Do not inject joints in the case?

Red skin by injecting hot new joint topical. Site infections, inflammation of the tissues, abscesses, systemic infections, oral anticoagulants, PROTHESE in joints, joint injuries, osteoporosis spot, uncertain diabetes, allergy injection.
Benefits of injected joints

The result of injecting drug concentration giving local maximum, effective anti-inflammatory and reduces the maximum amount of anti-inflammatory drugs. Joint injection is effective in the treatment of arthritis due to synovitis release cytokines and proteases, injectable steroids and protease inhibitory cytokine fast pain relief.
Internal joint injections can only treat the symptoms

It is important to remember steroid injections into joints only reduce inflammation and pain. Therefore, new treatment is the original foundation.

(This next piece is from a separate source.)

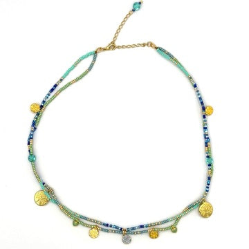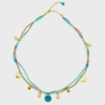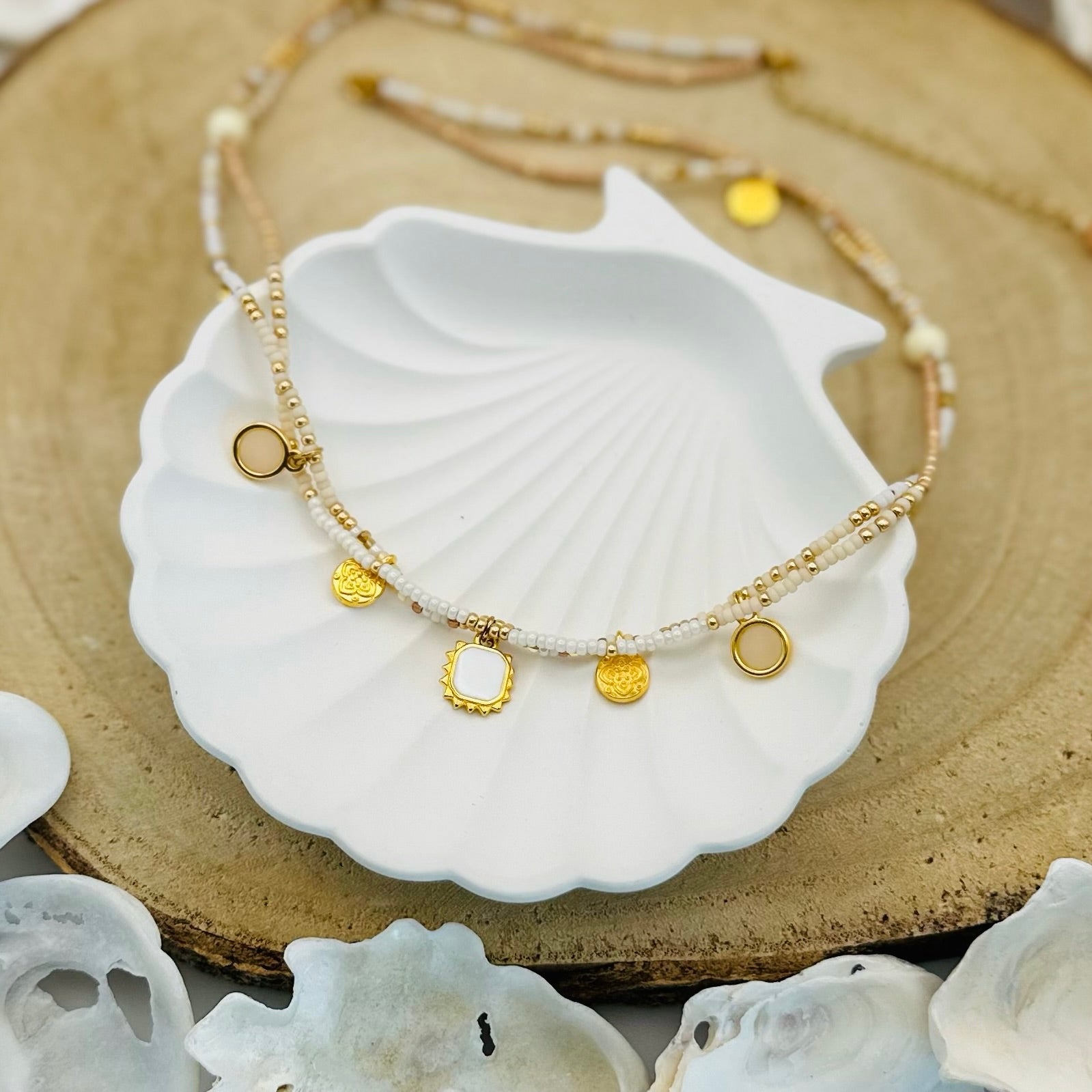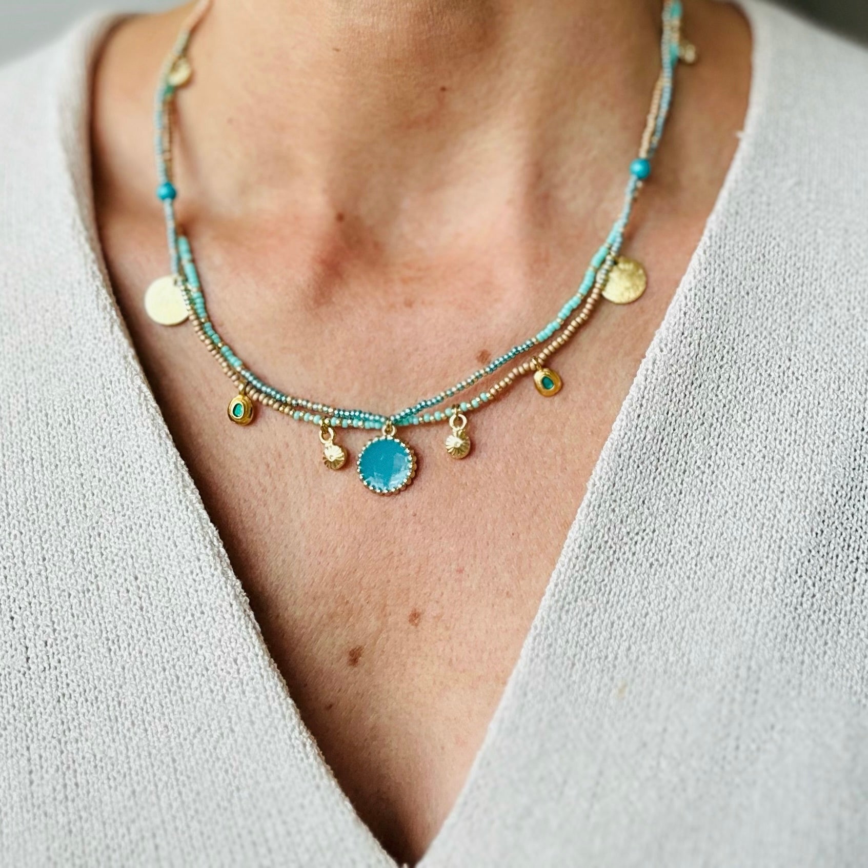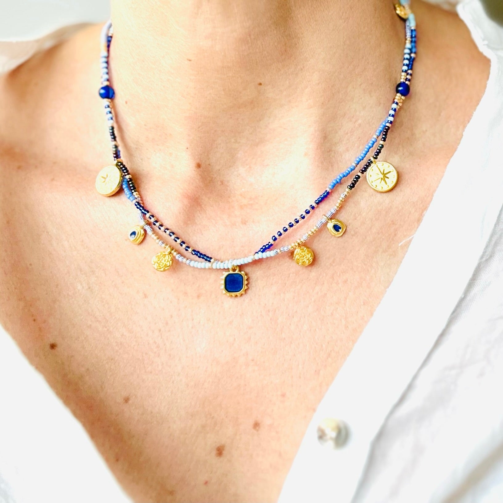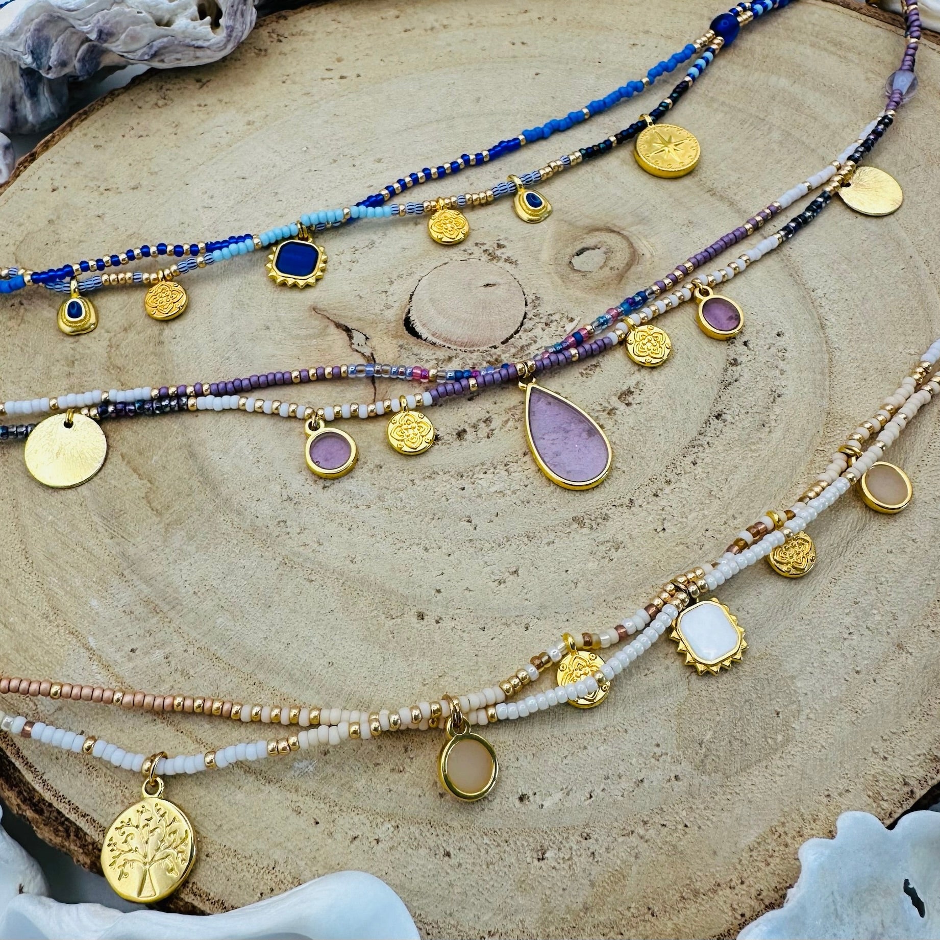 Farbige Halskette mit Quasten und Anhängern. Sie besteht aus zwei ineinander verschlungenen Reihen, gefertigt mit hübschen, farblich abgestimmten Glas-Rocailles, für einen zugleich schicken und bohemischen Effekt. Jedes Modell ist ein Unikat.

Facing abuse injection of anti-inflammatory drugs and corticosteroids are widely specified injection, injection technique is incorrect and does not comply with the principle of joint injection, causing serious consequences, such as joint infections. Affect the health and functioning joints, affecting economic and social family. The consequences of infection by injecting joints joints is also a bell to wake the patient and the physician should comply strictly with the specified joint injections.

Every physician and patient should consider "what is and what is not of injected joints". As a physician joints, we are very careful when patients ask physicians for joint injections for patients to know that too believe in the value of joint injections.